Tuesday, April 10, 2012

In the embarrassing words of my ancestor...


I recently read a travel journal written by my great-grandfather on my mother's side, and published in 1906.

Cecil Rhodes: imperialist
I've been aware of the book for a few years now, but been unable to lay hands on it. Thanks to advances in online publishing, the document has been digitally captured, and I was able to download the thing on a site called scribd.com.

For years I thought I was going to have to special request the book on an inter-library loan, but these days you can find long-out-of-print books on any one of half a dozen sites. The book is Briton, Boer And Black: Ten Years Travelling, Trading and Prospecting In South Africa.

Having got all excited about finding this artefact from my family history, my excitement was soon replaced by trepidation. What was in this thing? The title is self-explanatory, it's a tale of derring-do,  gold-prospecting, swashbuckling battles, intrepid journeys and savvy business-dealings in some pretty remote outposts across South Africa.

But what about the politics! Great-gramps was a British imperialist in the heyday of colonial conquest of our subcontinent. One couldn't be sure, but it was likely he had participated in establishing a global empire by exploiting, double-crossing and exterminating indigenous populations worldwide. It was quite possible that 105 years of hindsight would do him no favours. So it was with some nerves that I loaded the document onto my iPad and opened page one.

Shakespeare, Dickens and Twain all showed the bigotry of their time in their work, so there was no reason my grandfather should be immune. Indeed he was not!

The book made harrowing reading for a white liberal who's always fancied himself an enlightened soul. Great gramps peppers his account with k-bombs, n-bombs and paternalism, before segueing incidentally into the most benighted racism one could imagine. At one point a group of BaSotho gun runners await their colleagues, "squatting, like so many baboons". Later on, in what was either present-day Zimbabwe or Zambia he encounters all manner of "savages". He remarks, almost anthropologically that the "blacks always beat about the bush, especially when they have something important to discuss." There's worse too.

The Boers don't escape my tribesman's gimlet eye either. They get off quite lightly though, being found "a very hospitable race, friendly to the English as individuals, especially if one can speak their language."

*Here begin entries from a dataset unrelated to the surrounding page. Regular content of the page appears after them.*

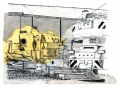 Avec l'aide de Margaux et Léo, en stage sur le site de St-Pierre-des-Corps, j'ai pu présenter mes derniers dessins du chantier du Point Haut : reproductions noir et blanc et montages avec dessins couleur. Voici quelques nouveaux dessins présentés à l'occasion :
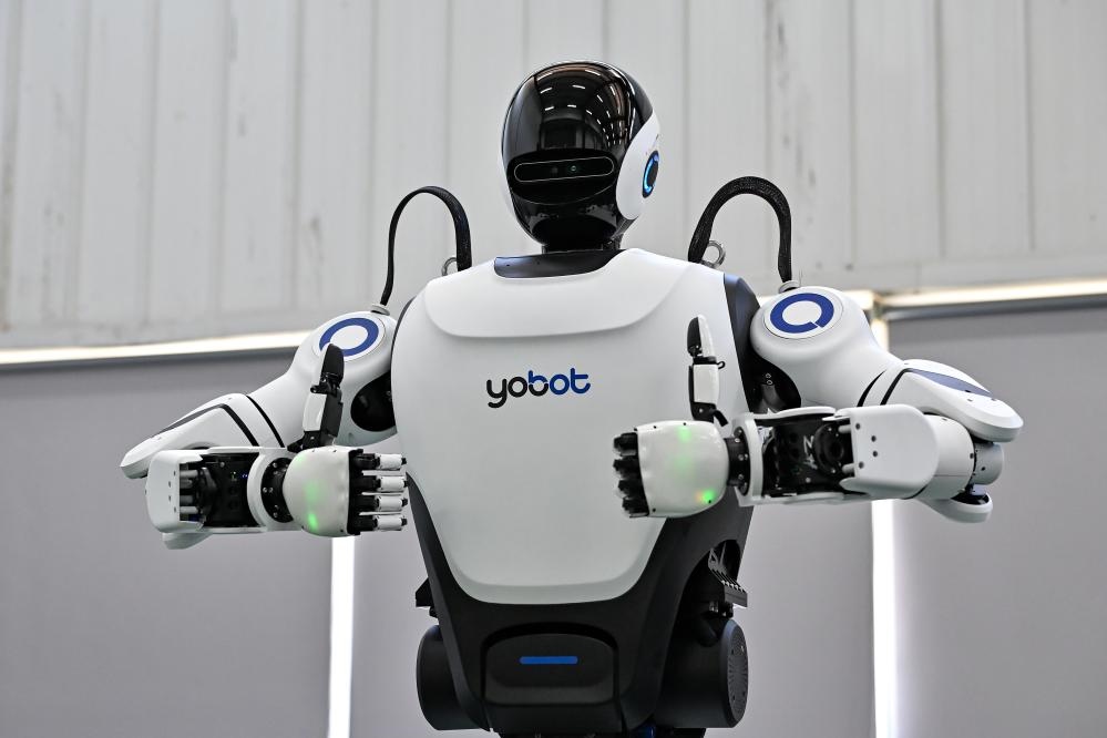 7月3日,在位于安徽省蕪湖市的科技公司內(nèi),一款人形機(jī)器人在做手勢(shì)。新華社記者 張鋮 攝
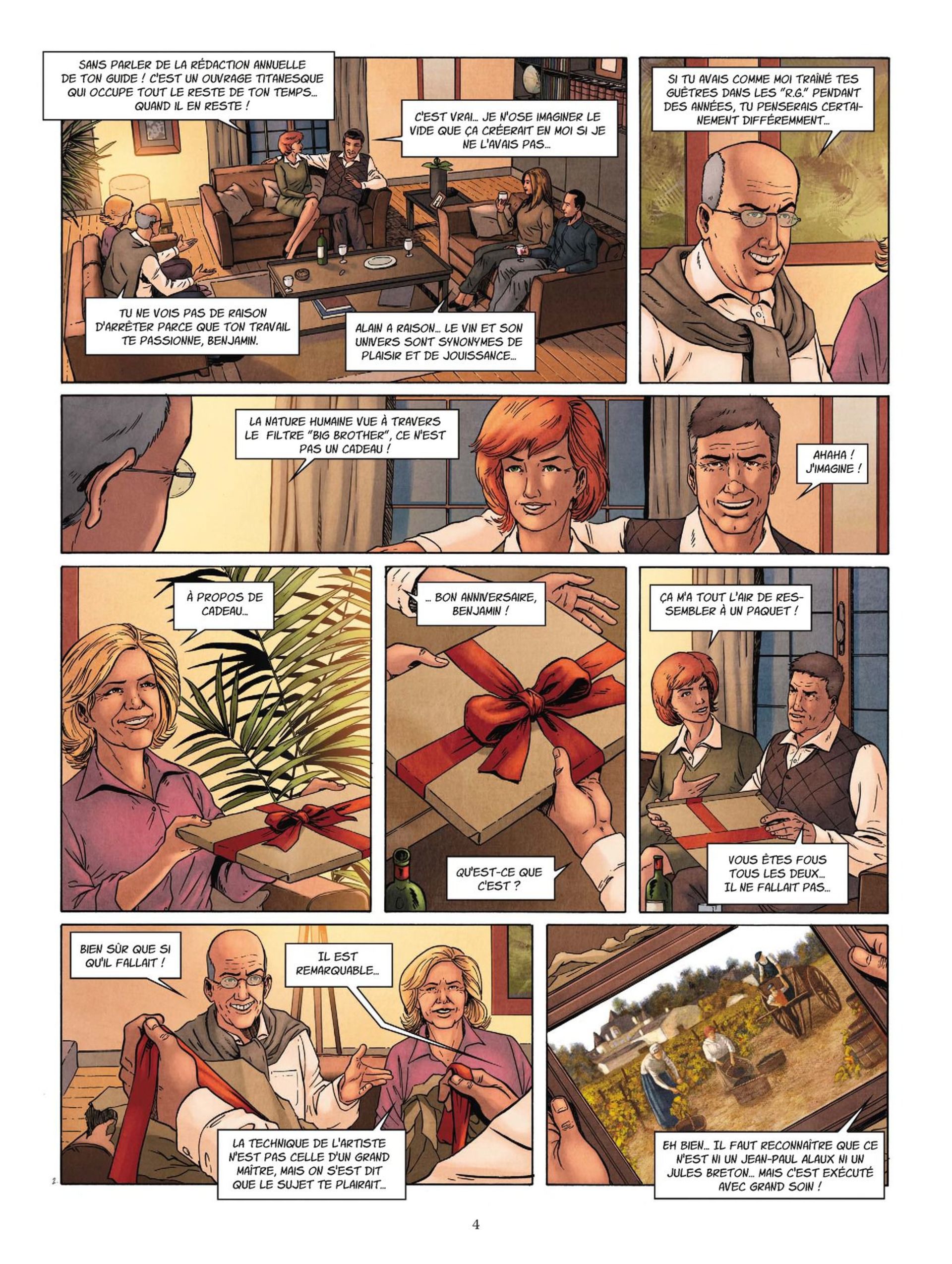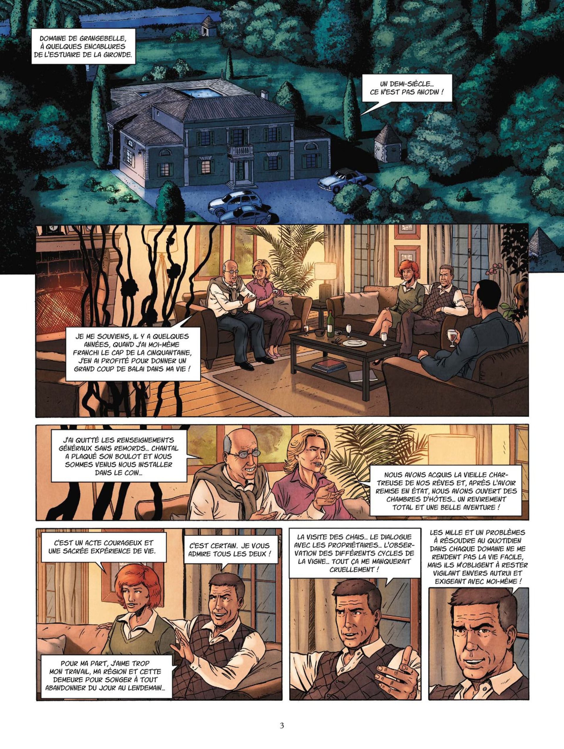 Je connaissais simplement l’adaptation télévisée des romans de Jean-Pierre ALAUX et Noël BALEN ; J’apprécie les acteurs mais aussi l’univers du vin, de ses artisans, ses travers et ses beautés que les scénarios proposent. Corbeyran et Sandro sont su mettre en image cet univers, en s’attachant aux hommes et au terroir, tout ce qui fait la beauté et le mystère du vin. Il faut aussi beaucoup de tén...
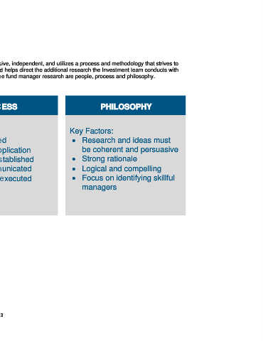 fund managers throughout the year. Three of the primary factors that go into the fund manager research are people, process and philosophy.
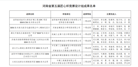 2022年11月30日,贵州省交通规划勘察设计研究院股份有限公司、贵州理工学院联合完成的“”焦作至平顶山高速公路焦作至荣阳段黄河特大桥南水北调主桥BIM设计应用”项目,荣获2022年河南省第五届“匠心杯”工程建设BIM技术应用大赛设计组二等成果奖。
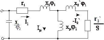 Для определения скорости ротора, при которой возникает самовозбуждение, воспользуемся упрощенной схемой замещения для начального момента времени после отключения статора от сети и подключения батареи конденсаторов.
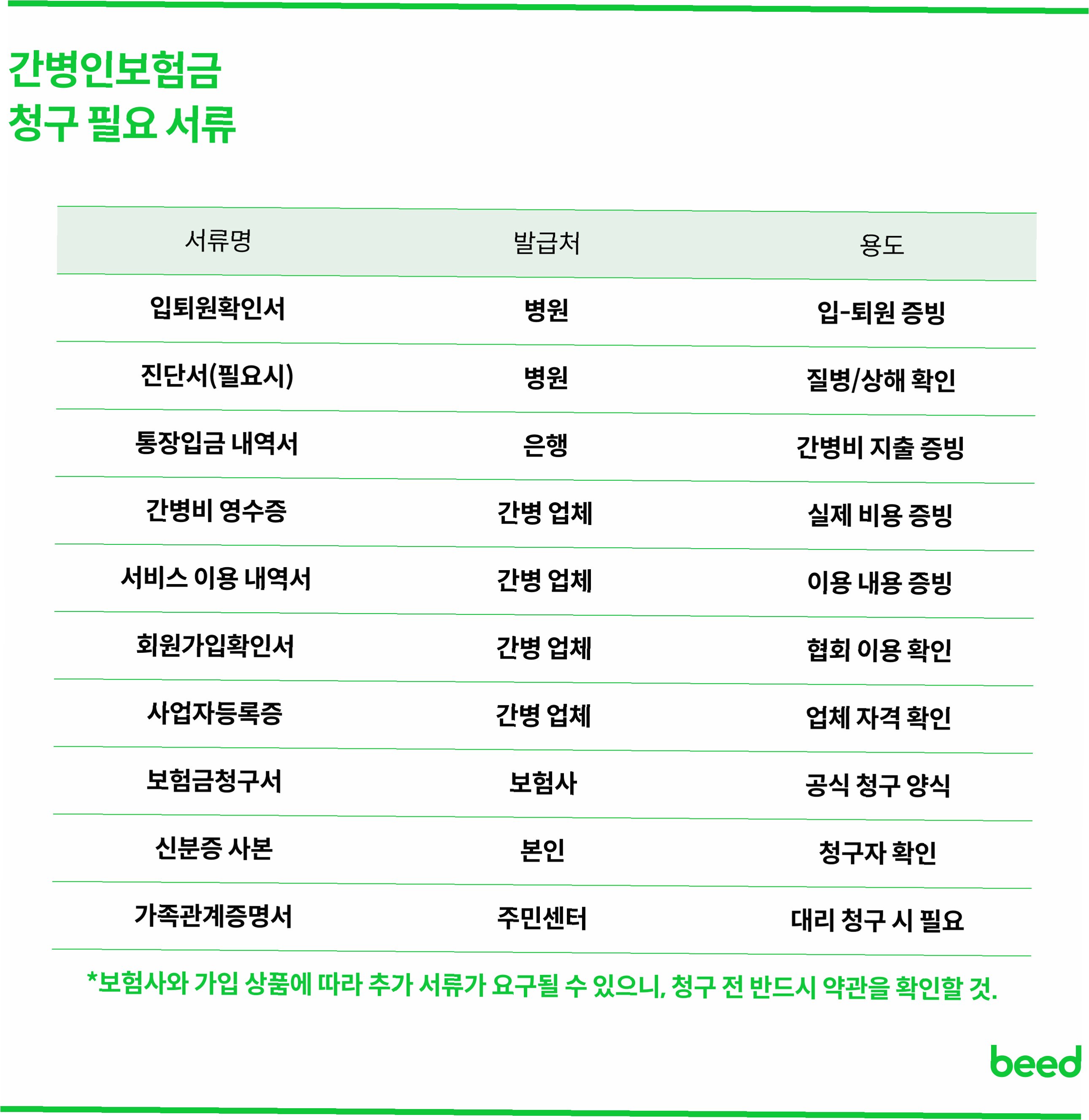 A.일반적으로 진단서, 입원 확인서, 간병인 사용 확인서, 통장 사본 등이 필요합니다. 보험사별로 요구하는 서류가 다를 수 있으므로, 가입한 보험사에 문의하여 정확한 안내를 받는 것이 좋습니다.
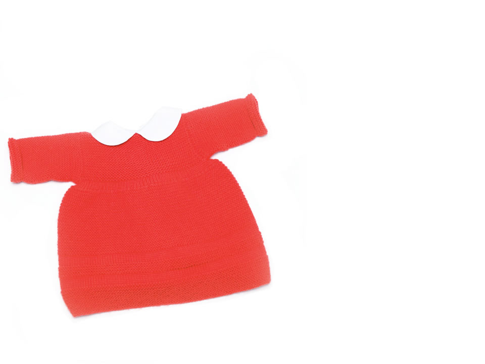 dress/ robe/ Kleidchen orange 70% superbaby alpaca/ 30% extra fine merino garter stitch/ point mousse/ Krausrechts 0-4 month/ 4-8 month / 8-12 month

Disappointed as I was with the tone and the attitudes displayed, there was hope. As I say, the bigotry is almost incidental, unquestioned. In fact, the dealings of the protagonist with the other characters (almost all either black or Dutch) are almost uniformly positive. Even a spell he spends held captive by a tribe in darkest Matabeleland is a fairly polite experience.

We're hardly talking Mein Kampf here. The narrative is not a conscious justification of white supremacy. The right of the British to rule the world and look after its primitive inhabitants is simply taken as a given.

It's just bizarre how the penny never drops. He spends weeks lost in the desert, saved from certain death only by the ingenuity of his black companion, and the guy is paternalistically deemed "a decent sort of fellow". In fact almost all the adventuring is made possible only by the assistance of the locals, who consistently bail the Brits out just when all seems lost. In one case they're lent a new span of oxen when theirs have all died, another time, Mac is given a set of clothes once his kudu-skin suit starts falling off his body. His gun-running exploits see him smartly out-negotiated by a Basotho chief. And the book concludes with the abortive Jameson Raid ending in ignominious failure.

Mac, the protagonist, speaks Dutch and a couple of black languages, and he seems in the process of becoming Africanised, but throughout there is an unquestioning faith in colonialism.

Africa seems to be the white man's playground, as well as a place that must be managed on behalf of its wretched inhabitants.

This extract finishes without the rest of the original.